▶ [TRY IT]:
The material below holds the lines to copy: from the one with "Orecchini cuore pendente" up to and including the one with "все детали! |". Copy them exactly and skip the pictures.

▶ [SUPPLIED MATERIAL]:

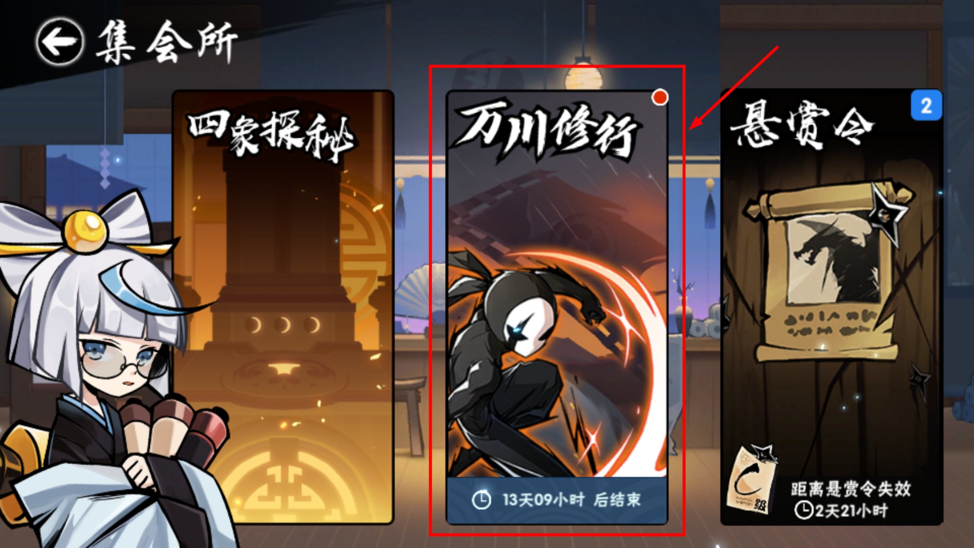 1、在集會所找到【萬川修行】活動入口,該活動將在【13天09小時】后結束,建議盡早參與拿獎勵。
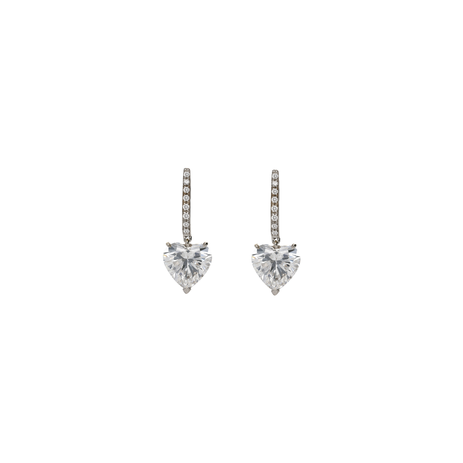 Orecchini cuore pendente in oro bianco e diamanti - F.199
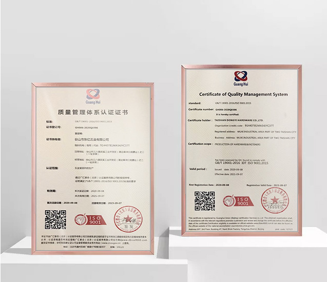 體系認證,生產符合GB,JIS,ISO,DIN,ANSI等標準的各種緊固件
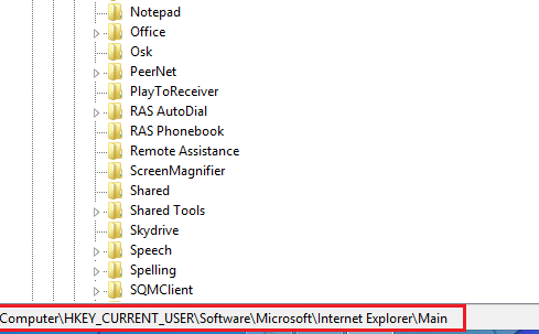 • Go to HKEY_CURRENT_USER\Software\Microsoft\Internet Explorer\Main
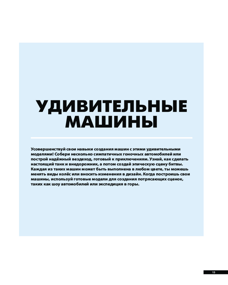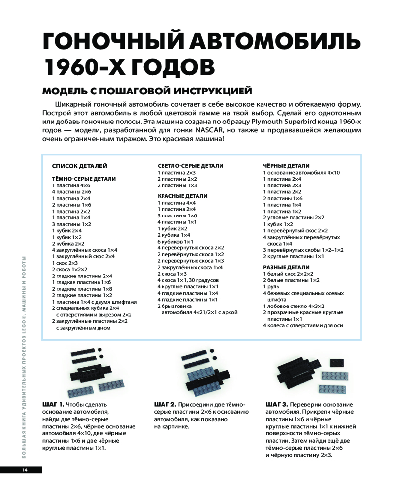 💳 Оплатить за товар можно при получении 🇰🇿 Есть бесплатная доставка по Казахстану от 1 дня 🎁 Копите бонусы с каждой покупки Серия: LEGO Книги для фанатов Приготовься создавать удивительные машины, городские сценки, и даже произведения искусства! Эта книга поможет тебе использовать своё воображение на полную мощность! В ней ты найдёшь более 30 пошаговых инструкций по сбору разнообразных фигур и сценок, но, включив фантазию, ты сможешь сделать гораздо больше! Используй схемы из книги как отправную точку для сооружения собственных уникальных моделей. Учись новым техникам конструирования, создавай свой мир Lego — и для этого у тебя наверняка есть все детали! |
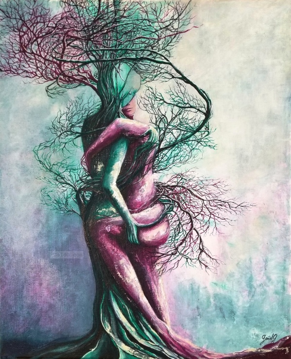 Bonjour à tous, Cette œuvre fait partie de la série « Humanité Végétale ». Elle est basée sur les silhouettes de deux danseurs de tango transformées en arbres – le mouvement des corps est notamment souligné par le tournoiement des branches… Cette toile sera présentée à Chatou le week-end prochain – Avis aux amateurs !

* * *

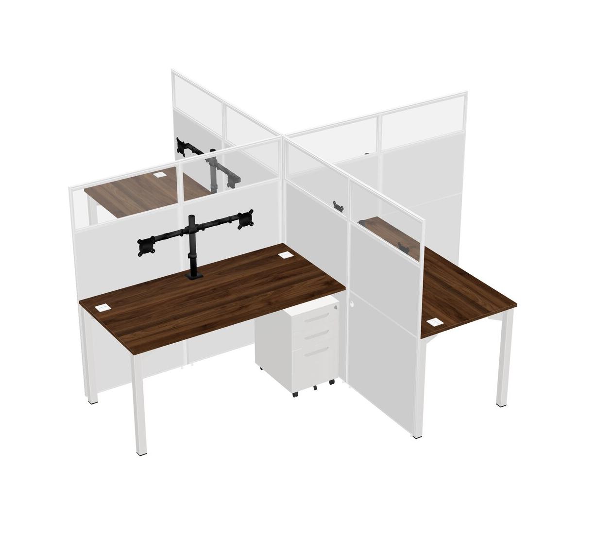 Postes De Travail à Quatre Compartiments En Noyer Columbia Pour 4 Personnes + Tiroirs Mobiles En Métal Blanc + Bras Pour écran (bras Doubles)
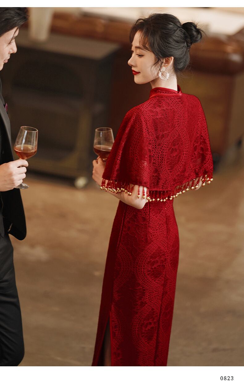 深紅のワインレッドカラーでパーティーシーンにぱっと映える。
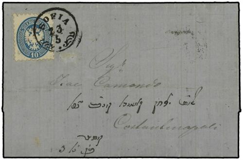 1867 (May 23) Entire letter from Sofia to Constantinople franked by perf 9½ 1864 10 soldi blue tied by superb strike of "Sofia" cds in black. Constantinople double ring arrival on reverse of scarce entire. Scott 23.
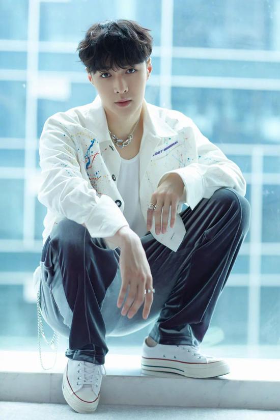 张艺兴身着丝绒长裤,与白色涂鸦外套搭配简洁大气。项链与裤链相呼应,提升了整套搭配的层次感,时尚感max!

--

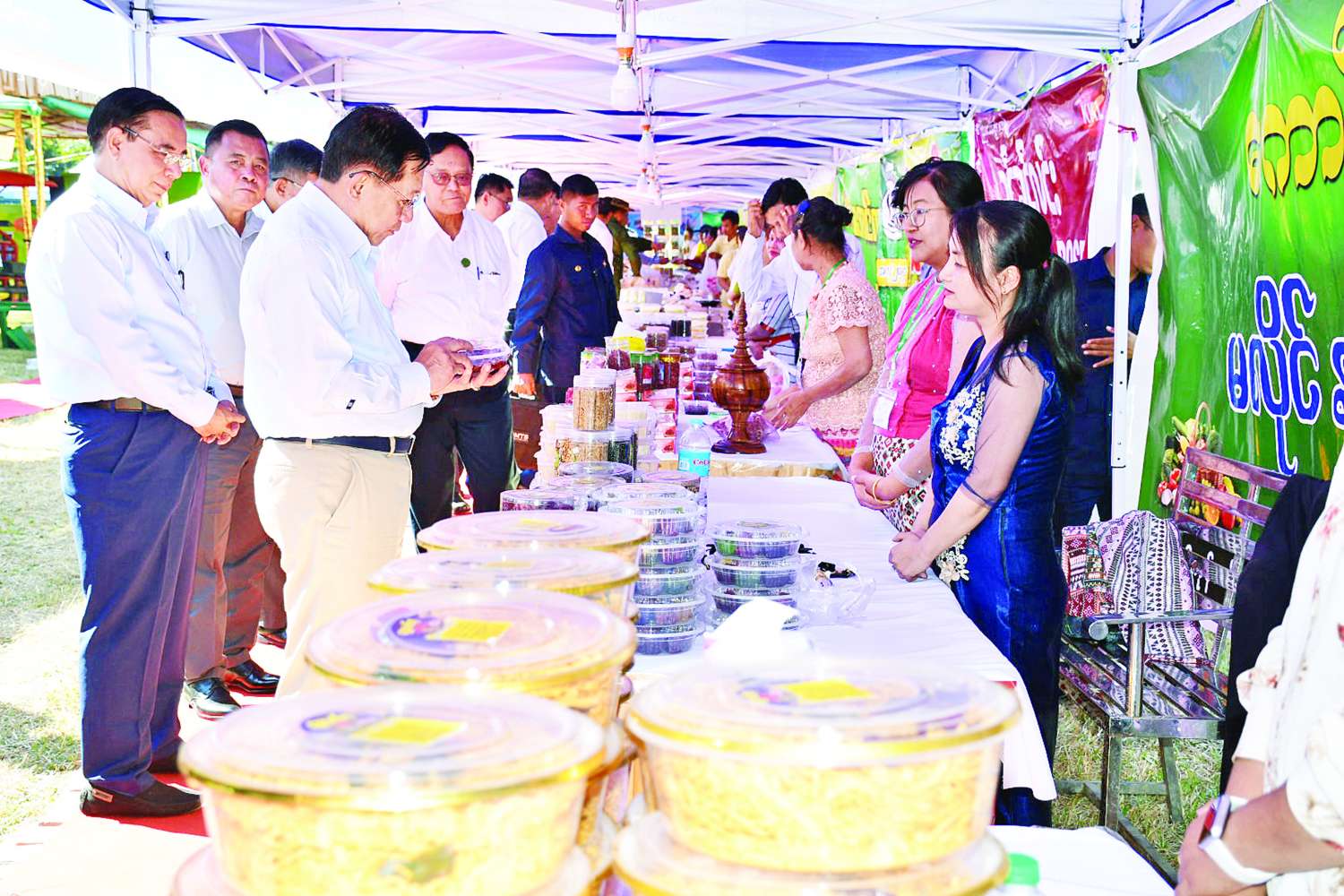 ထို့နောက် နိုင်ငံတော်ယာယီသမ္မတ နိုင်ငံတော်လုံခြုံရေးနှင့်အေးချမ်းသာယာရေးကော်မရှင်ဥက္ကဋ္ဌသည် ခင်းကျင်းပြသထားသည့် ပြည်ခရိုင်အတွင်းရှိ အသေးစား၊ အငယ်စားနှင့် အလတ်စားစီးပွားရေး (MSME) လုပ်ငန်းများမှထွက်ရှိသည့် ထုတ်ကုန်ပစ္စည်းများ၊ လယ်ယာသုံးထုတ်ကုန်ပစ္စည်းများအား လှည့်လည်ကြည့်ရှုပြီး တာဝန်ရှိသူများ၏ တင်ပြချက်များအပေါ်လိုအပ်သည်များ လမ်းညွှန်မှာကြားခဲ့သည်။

▶ [TASK OUTPUT]:
 Orecchini cuore pendente in oro bianco e diamanti - F.199
 體系認證,生產符合GB,JIS,ISO,DIN,ANSI等標準的各種緊固件
 • Go to HKEY_CURRENT_USER\Software\Microsoft\Internet Explorer\Main
 💳 Оплатить за товар можно при получении 🇰🇿 Есть бесплатная доставка по Казахстану от 1 дня 🎁 Копите бонусы с каждой покупки Серия: LEGO Книги для фанатов Приготовься создавать удивительные машины, городские сценки, и даже произведения искусства! Эта книга поможет тебе использовать своё воображение на полную мощность! В ней ты найдёшь более 30 пошаговых инструкций по сбору разнообразных фигур и сценок, но, включив фантазию, ты сможешь сделать гораздо больше! Используй схемы из книги как отправную точку для сооружения собственных уникальных моделей. Учись новым техникам конструирования, создавай свой мир Lego — и для этого у тебя наверняка есть все детали! |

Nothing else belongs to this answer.